Writing to external MySql database

I am writing a phone app that makes a big noise when one of my routers has problem like packet loss, or some CPE’s go offline.
The idea is for the event to be picked up by a scheduled taks then written to a MySql database, then a cloud service reads new record and pushes notification to the phone app.
I have written a basic apk that reads an email that gets sent by the ROS email tool. If certain keywords in the email then the cloud service will sound the alarm. But that is clunky, complicated and slow. Because I am relying on mail servers to sync all the time.
I would prefer to have a script running in ROS to be able to make a connection directly to an external MySql database which is quicker and simpler.
Is this possible? Or do I have to keep sending emails? Or is there another indirect way or writing events to an external database like json, http or rest?

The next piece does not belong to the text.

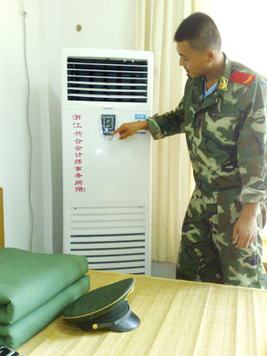 Time:2009-07-21夏日炎炎,酷暑难当,杭州作为我国著名的四大火炉之一,连日来气温不断上升,最高温度达到了38°C。根据市政府规定,市内各个工地上的民工宿舍都安装了空调,但是浙江IM体育试玩董事长IM体育了解到,杭州武警反恐分队的武警战士宿舍却没有安装空调,每到晚上,武警战士们常常因为炎热而无法入睡,经常在半夜里起来冲凉数次,影响了白天的训练和执勤。为此,浙江IM体育试玩当即购买了两台柜机空调,并上门为反恐分队的战士宿舍进行了安装。

External monitoring tools using things like ICMP and SNMP (plus API access to log into the routers and do any extended testing) would be the best way.

For real-time alerting I suggest nagios or icinga - trending something like cacti or librenms. If you really want events on router to go to an external MySQL DB - create a very basic API endpoint and then you can have RouterOS scripts push the data to the https endpoint.

You’re kinda reinventing the wheel. Lot of existing packages/software already does roughly this.


Kinda. /tool/fetch url=… on RouterOS can work, generally. But not directly to MySQL AKAIK – they don’t have REST API AFAIK, only connectors/clients. You could setup an endpoint on your web server that does the SQL INSERT to do it indirectly as suggested above.

On a Mikrotik, I think /tool/email using a shared mailbox is totally reasonable approach – esp. if already working. The state is managed by the mailbox & it’s already secure since you have to auth to mail server. And even with email, you can still use the body to send structured data. And JSON is possible in v7.13+… so could parse the JSON for needed details when reading email via mbox/POP3/IMAP on your server. There is a new :serialize to=json operation to help with the RouterOS variables/array to JSON. Anyway, you can use the mailbox as the DB if you’re clever. e.g. like using read mark to indicate if “mail” has been added DB/send to device.

But most REST API (either you’re or DB or something else) can use same :serialize to generate JSON typically needed. There is no XML support, so kinda limited on the type of API without a lot of manual coding of strings to build XML.

I suppose another option is you could perhaps use /system/ssh to send command on MySQL server to insert a row. But all the security model gets complex using ssh.